View Full Version : looking ahead
Gumleaf
June 28th, 2008, 05:20 PM
so, my gf joanne and i have been together nearly 4 months now :D and we are still very happy together.:D before we were together we had been good friends for about 2 years. so bearing both those things in mind, how realistically should be looking as far as our future together should go?
before we had hooked up, we had talked about going to europe together for a holiday when we both finish school, just as friends though of course at that time. but are these sorts of things realistic goals when we are a couple and have only been so for nearly 4 months. and then late this week jo asked me about how long after school finishes for us (like 2011) would we want to either get married or live together. i told her that 3.5 years is a long way off and we should start to think about it in maybe 2 years time or something.
do you think that thats the bet approach. i mean, we are still very young and we are talking about marriage and living together. it seems too soon to be thinking about these things to me. what do you think?
Maverick
June 28th, 2008, 06:00 PM
Live in the moment and enjoy your time together. Don't worry so much about the future just yet.
byee
June 28th, 2008, 08:16 PM
I think you guys really like eachother, and as a result, you plan for the future. All this talk is really just a reflection of those really nice feelings you have for eachother.
Enjoy them for what they are, it's sorta a compliment to you when she talks about 'forever', but don't make any committments, try to keep it on the fantasy level it is, and return the compliment perhaps more directly by telling her how special she is to you now and how much yo enjoy your time together.
Gumleaf
June 28th, 2008, 10:36 PM
I think you guys really like eachother, and as a result, you plan for the future. All this talk is really just a reflection of those really nice feelings you have for eachother.
Enjoy them for what they are, it's sorta a compliment to you when she talks about 'forever', but don't make any committments, try to keep it on the fantasy level it is, and return the compliment perhaps more directly by telling her how special she is to you now and how much yo enjoy your time together.
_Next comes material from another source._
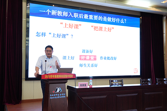 長興縣教育局黨委書記、局長欽國強開講第一課,他和新教師積極互動,圍繞“為什么當老師”這個問題,讓新教師再次明晰自我的職業(yè)選擇和角色定位,樹立育人初心。又從“你認為自己有哪些優(yōu)點適合于從事教師這個行業(yè)”“你認為目前還有哪些不足”“你準備成為怎樣的老師”等問題深入探討,在全場的思維碰撞中,大家對“教育”“教學”這兩個詞有了更深度的解讀和深刻的思考。長興縣教育局黨委副書記雷曉財進行《新教師的師德啟航——奠定職業(yè)生涯的道德基礎》的師德專題講座,他從教師要遵守的基本行為準則、合理把握教育懲戒的規(guī)則、師德師風事件處置原則三方面,進一步強化了新教師要恪守師德,守牢底線不觸紅線。

fantasy level? are you suggesting the feelings i have for her aren't real??? maybe i have misunderstood?
byee
June 29th, 2008, 11:59 AM
The feelings are real, for sure. The talk of marriage and kids and the house with the white picket fence are fantasy. They come from the reality of all those good feelings, and the fact that when people feel really good, when they really love someone else, they never see it ending. Hence, the fantasy stuff into the future.
I still think it's a really nice compliment, Stephen, she really is developing deeper feelings for you! Enjoy that, but since we never know what the future holds, it might be best to respond by keeping it in the moment, and clarifying what your feelings for her now are, how much you like her, too.
(sorry for any confusion)
kerry
June 29th, 2008, 01:50 PM
think of now not the future enjoy your time with your gf
AutumnDae
June 29th, 2008, 06:02 PM
I'm sure you have many feelings for Joanne, but I wouldn't talk about marriage or living together yet. You are in what 8th grade? 9th grade?
Don't get me wrong, I'm not saying that its not possible. You are the same age as my sister was when she got with Kirk, and that will be 4 years in August. They are planning on getting a place to live, after she finishes college, and he is encouraging her to go away to college.
When that time comes, choosing a college, and if you are with Joanne, or anyone else for the matter, don't choose a college based on your girlfriend. Go where you want to.
Since you have only been together for 4 months, talking about that far in the future seems a bit of a long shot. It's great to talk about, but don't promise her anything yet. Although what do I know really?
Us girls remember ALL those little promises you made. Trust me when I tell you that.
Gumleaf
June 29th, 2008, 08:49 PM
i haven't promised her anything autumn. in fact she was the one doing most of the talking about it. the likely hood of either of us having to leave sydney to go to university is very small. i just think that maybe we should talk about this more if we are still really happy in a couple of years.